Kekuatan Jannok… Bahkan manusia pun bisa hancur. Organisme hidup setidaknya menolak kekuatan Jannok, tapi itu pun tidak ada artinya bagi masyarakat dari negara yang memiliki zat alkimia di dalam tubuhnya. Jika Peru bertekad, mereka bisa membunuh semua Penjaga Guntur dalam sekejap. Ia dapat dijadikan remah-remah yang bahkan tidak meninggalkan mayat, bahkan dapat menghujat nyawa dan jiwanya.

Peru harus berada di pihak bangsa-bangsa. Namun, membuat pilihan yang berbeda tidak bisa dihindari.

[Jika keyakinan pada nilainya yang dia katakan itu benar, dia tidak akan menggunakan kemampuan itu pada manusia. Itu akan menjadi tindakan yang menghancurkan nilai.]

Sebaliknya, Wu Lehui Zhu dengan tenang memerintahkan kemajuan.

[Pergi. Jannokhoeju, jangan menyerang ‘mungkin’.]

Tepuk. Tepuk. Badai petir di depannya, dan pasukan militernya di belakang, mendekat dengan nafas kehidupan. Meskipun Peru telah membangun tembok dengan caranya sendiri, tembok itu pasti akan runtuh suatu hari nanti.

“Ha ha. Saya tidak bisa menahannya. Saya harus berjuang sendirian.”

Sambil mengatakan itu, Hilde melemparkan pedang sucinya dengan tiba-tiba. Belatinya terbang seperti gigi sisir dan mengarah ke kepala Thunder Hoeju. Namun, Wu Lei Hui-ju dengan ringan menghindari pedang sucinya hanya dengan memiringkan kepalanya ke belakang. Saya hanya melihat bayangan setelah petirnya.

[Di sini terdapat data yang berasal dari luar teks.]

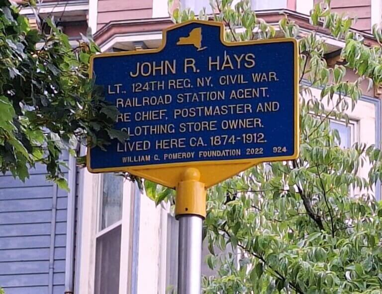 During the Civil War, John R. Hays served as Second Lieutenant in Company H of the 124th Regiment New York Volunteer Infantry (the “Orange Blossoms”). He enlisted in 1862 and served for three years before being discharged due to an injury. Upon his return to Walden, NY, John became an active community member in his capacity as a business owner and appointed official.

Itu bisa dibelokkan, tapi tidak ada alasan untuk memukulnya dengan pedang sucinya, karena dia tidak tahu kemampuan apa yang dia miliki. Badai petir bergumam sambil melirik ke arah pedang suci yang lewat dan menghilang.

[Hari ini, aku akan mengakhirinya di sini.]

“Hmm~. Bertarung secara pengecut sebagai sebuah geng….”

Hilde melirik Peru. Dia tidak tahu apakah Peru bersedia menghancurkan manusianya, tapi dia tidak punya keinginan untuk melakukannya.

Tidak masalah. Pertama-tama, Hilde tidak memikirkan Peru.

“Kamu tidak perlu merasa menyesal! Kamu pikir hanya ‘kita’ yang bertarung dengan pengecut!”

[Kita?]

“Saya tidak hanya bermain-main!”

Langkah kaki Thunder Guardian yang menggelegar tersembunyi. Sesuatu yang jauh lebih menakutkan dan menyeramkan sedang mendekat dari jauh. Bukan Claudia, tapi sebaliknya. Melalui aliran awan.

Di luar Pegunungan Kabut hiduplah seorang vampir.

Saat ini, manusia harus mengingatkan diri mereka sendiri akan fakta tersebut.